WORK TO COMPLETE
Within the listing below, please copy exactly the lines between the line holding "CIUDAD VICTORIA, Tamaulipas.- En" and the line holding "Vintage Woden No", inclusive.
BEGIN
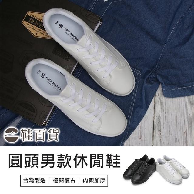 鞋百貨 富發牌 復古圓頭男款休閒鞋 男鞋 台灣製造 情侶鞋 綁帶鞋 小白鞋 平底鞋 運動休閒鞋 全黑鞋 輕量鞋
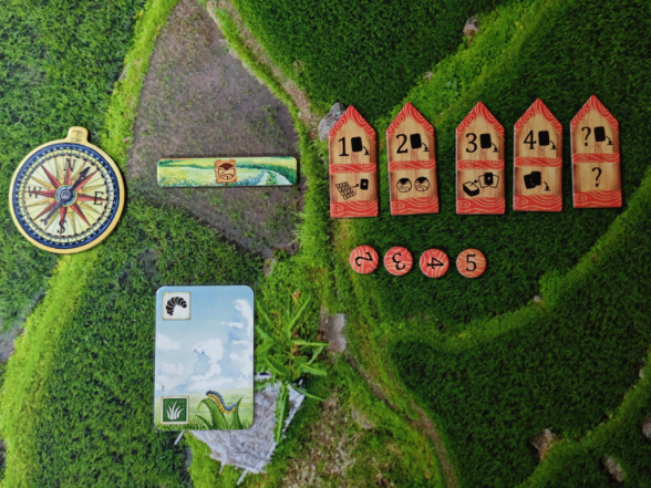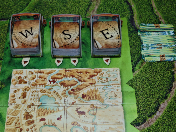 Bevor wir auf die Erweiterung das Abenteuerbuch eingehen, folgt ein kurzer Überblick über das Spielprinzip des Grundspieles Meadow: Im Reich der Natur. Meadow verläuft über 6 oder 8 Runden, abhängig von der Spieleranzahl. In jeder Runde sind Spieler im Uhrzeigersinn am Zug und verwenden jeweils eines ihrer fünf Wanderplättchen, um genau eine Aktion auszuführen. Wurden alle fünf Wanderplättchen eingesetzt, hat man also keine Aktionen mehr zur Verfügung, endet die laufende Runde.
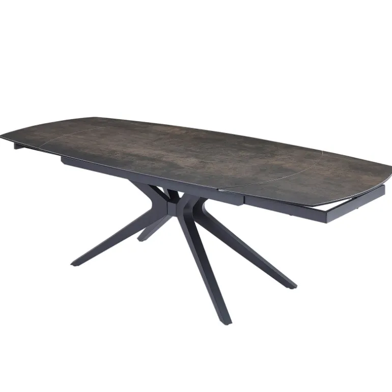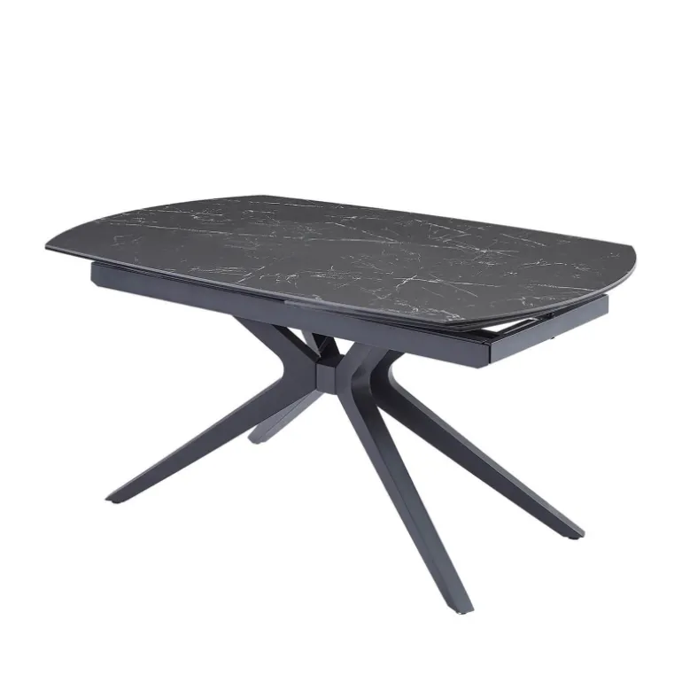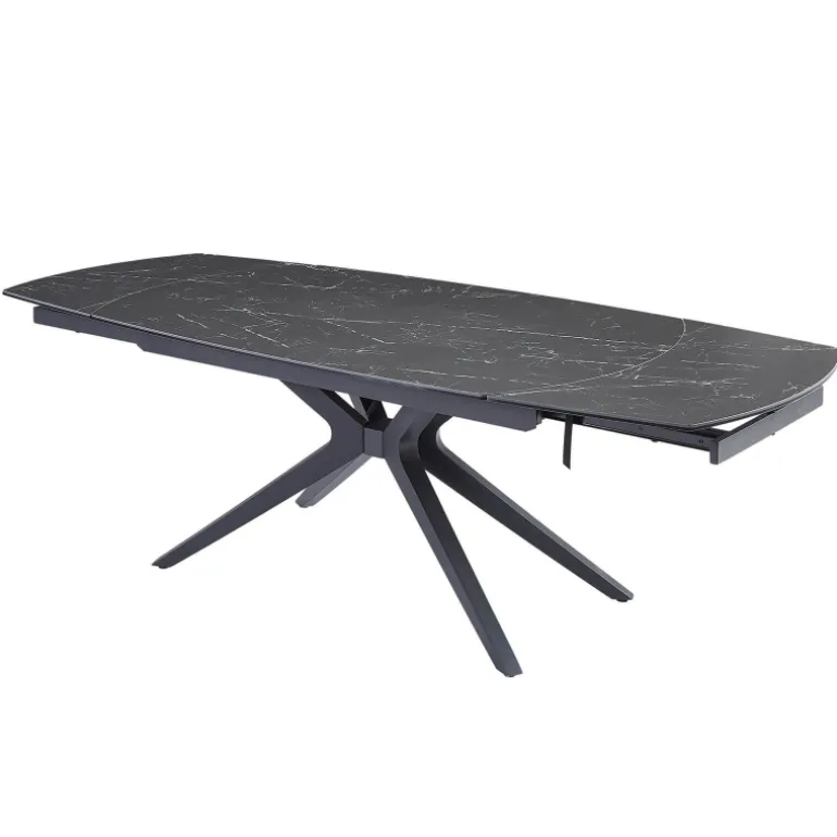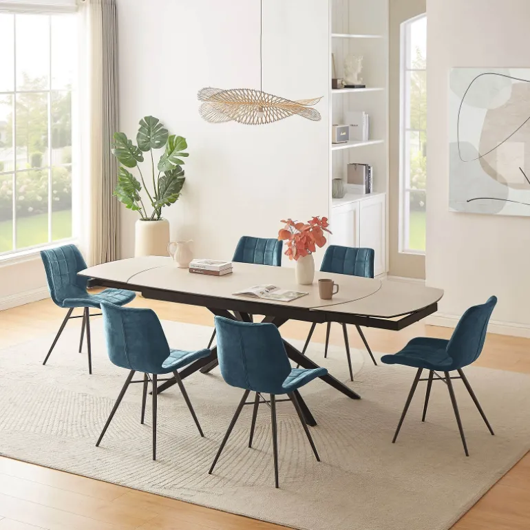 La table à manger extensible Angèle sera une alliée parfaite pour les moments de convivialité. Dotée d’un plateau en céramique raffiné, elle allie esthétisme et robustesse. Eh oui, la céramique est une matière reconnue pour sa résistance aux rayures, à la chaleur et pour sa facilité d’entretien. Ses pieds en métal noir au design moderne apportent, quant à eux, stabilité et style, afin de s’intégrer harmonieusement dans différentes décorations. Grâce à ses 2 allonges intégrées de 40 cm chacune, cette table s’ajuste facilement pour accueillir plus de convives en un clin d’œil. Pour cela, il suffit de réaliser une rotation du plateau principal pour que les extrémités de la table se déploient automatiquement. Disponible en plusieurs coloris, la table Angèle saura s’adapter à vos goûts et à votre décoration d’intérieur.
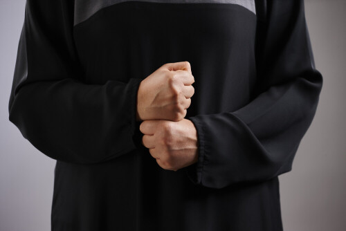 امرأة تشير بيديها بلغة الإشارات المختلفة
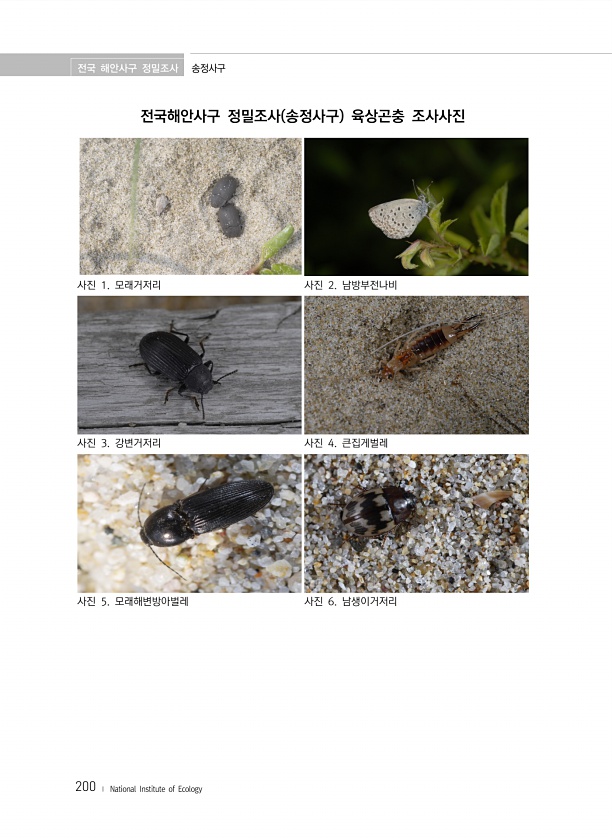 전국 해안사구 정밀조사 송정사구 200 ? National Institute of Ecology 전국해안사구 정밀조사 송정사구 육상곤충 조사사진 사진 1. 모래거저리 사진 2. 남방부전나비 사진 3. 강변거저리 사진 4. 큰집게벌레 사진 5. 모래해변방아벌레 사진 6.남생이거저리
END
BEGIN
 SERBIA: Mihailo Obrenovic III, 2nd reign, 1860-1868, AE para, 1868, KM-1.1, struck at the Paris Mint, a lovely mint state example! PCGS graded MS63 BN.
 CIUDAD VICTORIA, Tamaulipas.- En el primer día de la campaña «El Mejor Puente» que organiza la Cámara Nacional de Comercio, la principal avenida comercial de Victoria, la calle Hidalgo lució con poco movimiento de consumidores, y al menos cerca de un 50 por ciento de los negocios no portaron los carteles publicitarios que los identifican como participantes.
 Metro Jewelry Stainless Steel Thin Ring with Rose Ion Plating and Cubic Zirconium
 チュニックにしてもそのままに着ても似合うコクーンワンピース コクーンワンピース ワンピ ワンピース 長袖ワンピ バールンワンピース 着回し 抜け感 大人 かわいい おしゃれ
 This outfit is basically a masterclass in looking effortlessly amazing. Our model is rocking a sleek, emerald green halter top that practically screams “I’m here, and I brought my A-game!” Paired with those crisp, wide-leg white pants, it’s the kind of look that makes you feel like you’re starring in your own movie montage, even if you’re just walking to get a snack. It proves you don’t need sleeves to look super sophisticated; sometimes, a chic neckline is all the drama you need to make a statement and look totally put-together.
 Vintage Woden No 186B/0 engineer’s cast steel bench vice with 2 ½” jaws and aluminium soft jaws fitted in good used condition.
END
OUTPUT OF THE EXERCISE
 CIUDAD VICTORIA, Tamaulipas.- En el primer día de la campaña «El Mejor Puente» que organiza la Cámara Nacional de Comercio, la principal avenida comercial de Victoria, la calle Hidalgo lució con poco movimiento de consumidores, y al menos cerca de un 50 por ciento de los negocios no portaron los carteles publicitarios que los identifican como participantes.
 Metro Jewelry Stainless Steel Thin Ring with Rose Ion Plating and Cubic Zirconium
 チュニックにしてもそのままに着ても似合うコクーンワンピース コクーンワンピース ワンピ ワンピース 長袖ワンピ バールンワンピース 着回し 抜け感 大人 かわいい おしゃれ
 This outfit is basically a masterclass in looking effortlessly amazing. Our model is rocking a sleek, emerald green halter top that practically screams “I’m here, and I brought my A-game!” Paired with those crisp, wide-leg white pants, it’s the kind of look that makes you feel like you’re starring in your own movie montage, even if you’re just walking to get a snack. It proves you don’t need sleeves to look super sophisticated; sometimes, a chic neckline is all the drama you need to make a statement and look totally put-together.
 Vintage Woden No 186B/0 engineer’s cast steel bench vice with 2 ½” jaws and aluminium soft jaws fitted in good used condition.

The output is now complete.